Paul Krugman has written an op-ed piece for the New York Times that perfectly sums up the excuses we keep hearing about why universal health care wouldn’t work in the US, and why the excuses aren’t really valid at all.
He sums up the problem:
The United States spends far more on health care per person than any other nation. Yet we have lower life expectancy than most other rich countries. Furthermore, every other advanced country provides all its citizens with health insurance; only in America is a large fraction of the population uninsured or underinsured.
And notes that any reasonable person might then be motivated to question the current system and look to other countries that are doing a better job and try to learn from them. But obviously that is not the case, as we continue on with our health care system headed for a train wreck, adding more people to the ranks of the uninsured every year. 6 years ago, the number we frequently heard regarding the number of Americans without health insurance was about 40 million. Now we hear numbers around 46 or 47 million. But as I’ve written before, the majority of the under-65 population still has employer-sponsored group health insurance, and can’t see what all the fuss is about.
So Mr. Krugman has set about dismantling the excuses. The first one is that people don’t think our uninsured/underinsured problem is really that much of a problem. “I mean, people have access to health care in America,” said President Bush a few months ago. “After all, you just go to an emergency room.” That’s similar to a small child, when told that the family can’t afford to go to the movies, who responds by saying “let’s just write a check!” Yes, more and more people without insurance are using emergency rooms as primary care – apparently with the full blessing of the president. This is causing ever-increasing wait times at emergency rooms all over the country, staffing shortages, and escalating bad debt for hospitals. Somebody has to pay for the care received by uninsured patients in emergency rooms. The result is that costs go up across the board, and patients with insurance end up paying higher prices for their care.
The next excuse that people offer up is that it’s our lifestyle – couch potatoes eating french fries – that’s causing our lowered life expectancy and poorer health compared with our counterparts in other countries. Well, there is no debating the fact that we need to clean up our acts when it comes to taking care of our own health. But the main premise Mr. Krugman addresses in his article is that although we spend far more per capita on health care than other countries, our results are not as good. If it were just our lifestyle – which, sadly enough, a lot of other countries are adopting more and more – that was causing us to spend more on health care, we should expect to have equal or better results, since we’re spending more on treatment.
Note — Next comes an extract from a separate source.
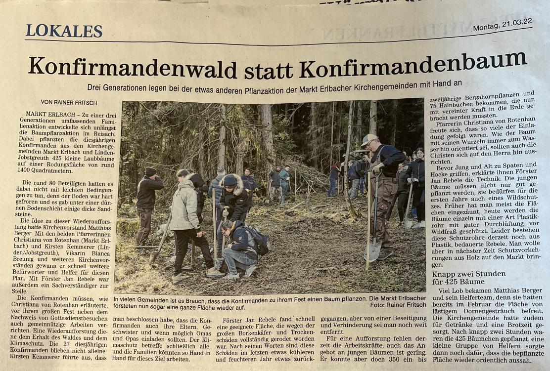 Gott belohnte uns mit strahlendem Sonnenschein, einer wunderbaren Stimmung unter allen Beteiligten und einem Erlebnis, an das wir noch lange zurückdenken werden - vor allem unsere Konfis, die bei ihrem Jubelkonfirmation in 25 oder 50 Jahren nach dem Mittagessen in den Wald spazieren können um zu schauen, was aus „ihren“ Bäumen geworden ist.

But we don’t.
Then there’s the funniest excuse of all: Health care is better now than it was 50 years ago, so of course it should cost more. Okay. Lots of things have seen improvements in the last 50 years. But if two stores are selling the same computer (obviously a much better model than one you could get in 1995) and one is charging twice as much as the other, with the logic is that it’s because the computer is better than the ones they were selling 10 years ago, would you buy their computer? I doubt it. Health care has improved all over the world in the last 50 years. And yet the US alone doesn’t insure all of it’s citizens, and spends more per capita than any other developed country on health care, while getting poorer results. Yes, health care costs more than it did in the 50s, but why are we not more in line with the rest of the developed world when it comes to how much we spend and the results we get? And why are we the only country that does not provide health care for all its citizens? We don’t need to reinvent the wheel here – we just need to look to those who have already got it rolling.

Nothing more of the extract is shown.